Un grandissimo talento marcianisano
Era il 1984 e nella città statunitense di Los Angeles si stavano disputando le Olimpiadi. Per l’Italia gareggiava uno dei pugili più forti e promettenti del mondo, Angelo Musone, proveniente dall’Excelsior Boxe di Marcianise che, negli anni, ha sfornato tantissimi talenti. Il ragazzo della provincia di Caserta arrivò imbattuto alla competizione. Nessuno, infatti, era mai riuscito a batterlo negli incontri ufficiali fino a quel momento disputati. La competizione olimpica, tuttavia, si presentava come una sfida improba, anche per un talento straordinario dei pesi massimi come il marcianisano.
La sfida, tuttavia, non lo intimorì, anzi. Sin dal primo match, infatti, Angelo riuscì a sovvertire tutti i pronostici, battendo lo scultoreo pugile keniota Omondi. Nei quarti, poi, riuscì a dominare un altro grande atleta come lo svedese Brock. Dopo queste due grandi vittorie per Musone, però, ne arriva una ancora più complicata.
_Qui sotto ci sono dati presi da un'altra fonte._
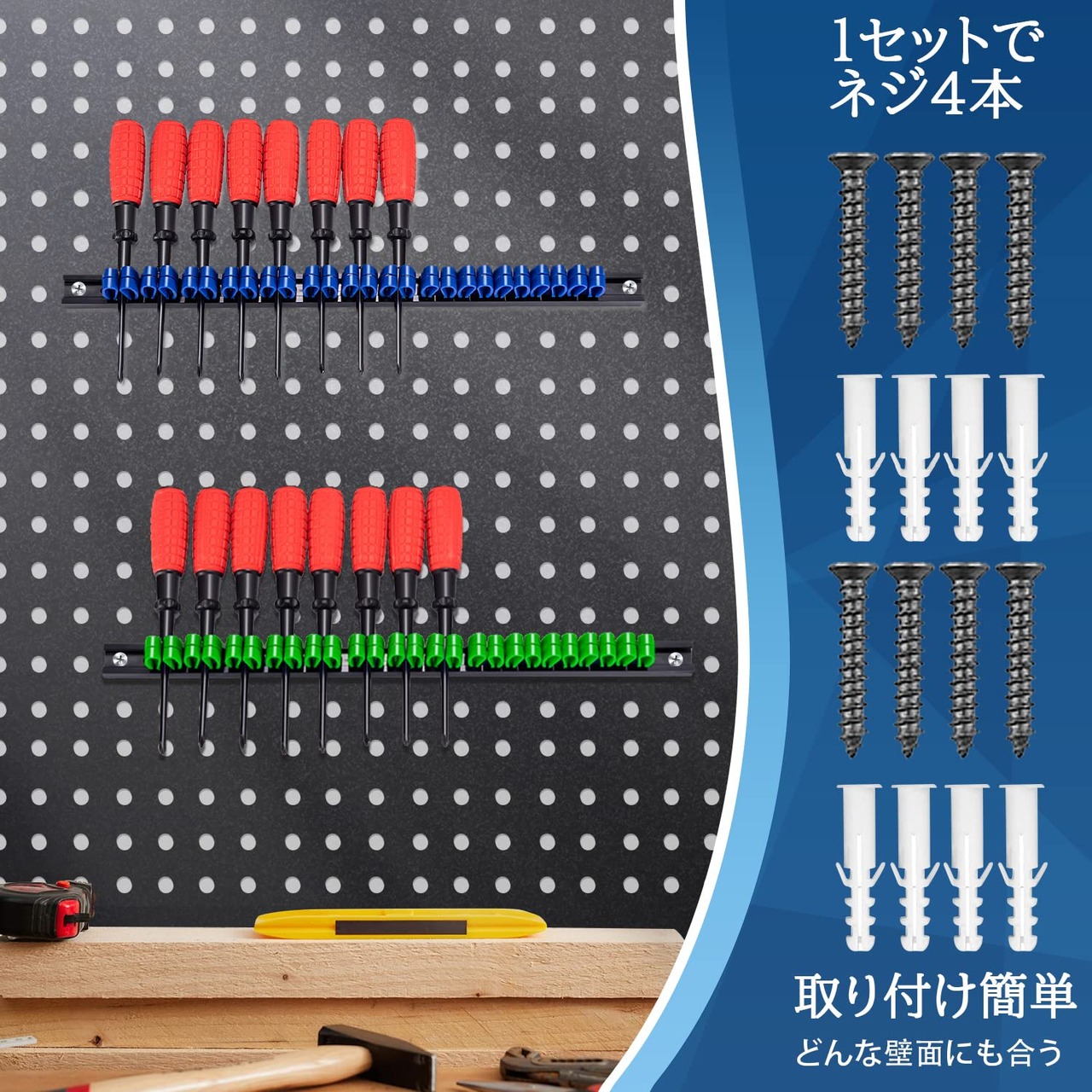 【取り付け簡単】この工具さしはどんな壁面にも適します、各レールにはネジと膨張チューブが付属します。設置方法が簡単で、壁や作業台に簡単にネジ止めでき、落下することなくできるだけ多くの工具を吊るすことができます。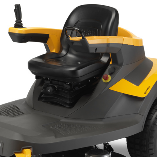 Stiga Gyro 900e zapewnia niesamowity komfort podczas pracy dzięki wysokiej jakości siedzisku z wysokim oparciem, niezakłóconemu dostępowi do wszystkich funkcji i szerokiemu podnóżkowi. Podwójny równoległy układ zawieszenia, który pochłania drgania na wyboistym podłożu, czyni jazdę bardziej komfortową. Wszystkie komendy elektryczne są w zasięgu ręki, więc zawsze masz pełną kontrolę.

Di fronte a lui si presenta Henry Tillman, beniamino di casa, che in quell’anno riuscì a batter per ben due volte un giovane che avrebbe dominato la scena della boxe per anni: Mike Tyson. Anche in questa occasione il pugile marcianisano non deluse le aspettative. Quando sembrava che la vittoria fosse certa, tuttavia, una delle più grandi ingiustizie della storia pugilistica si consumò in quell’amarissimo 8 agosto.
L’indimenticabile ingiustizia ai danni di Angelo Musone
In occasione della semifinale, infatti, Angelo Musone scende carico come non mai sul ring. Nonostante la prestanza e lo strapotere di Tillman il match sembra non avere storia con il marcianisano che malmena letteralmente il pugile di casa. La straordinaria performance viene notata anche dai giudici che, per non accanirsi sull’atleta di casa, decretano una vittoria per tre a due a favore di Musone. A causa di un’innovazione controversa dell’Association Internationale de Boxe Amateurs (AIBA), però, il voto deve essere confermato da un giury. Ed è proprio qui che si consuma uno dei più grandi scandali sportivi della storia.
Il giurato supplementare, infatti, sovverte completamente il verdetto, sancendo un punteggio incredibile di cinque a zero per l’americano. Alla proclamazione del vincitore anche il pubblico di casa fischia l’arbitraggio e a Musone non resta che portare a casa la sconfitta più amara e immeritata della storia.
Il pugile marcianisano classe ’63, anche a causa di problemi fisici importanti, si ritirerà poco dopo, ancora ventiquattrenne. E ancora oggi racconta con grande rabbia quell’ingiustizia che lo relegò sull’ultimo gradino del podio, lasciandogli un bronzo che ha il sapore di un metallo ben più importante. Metallo come l’oro che, guarda caso, si portò a casa proprio Tillman.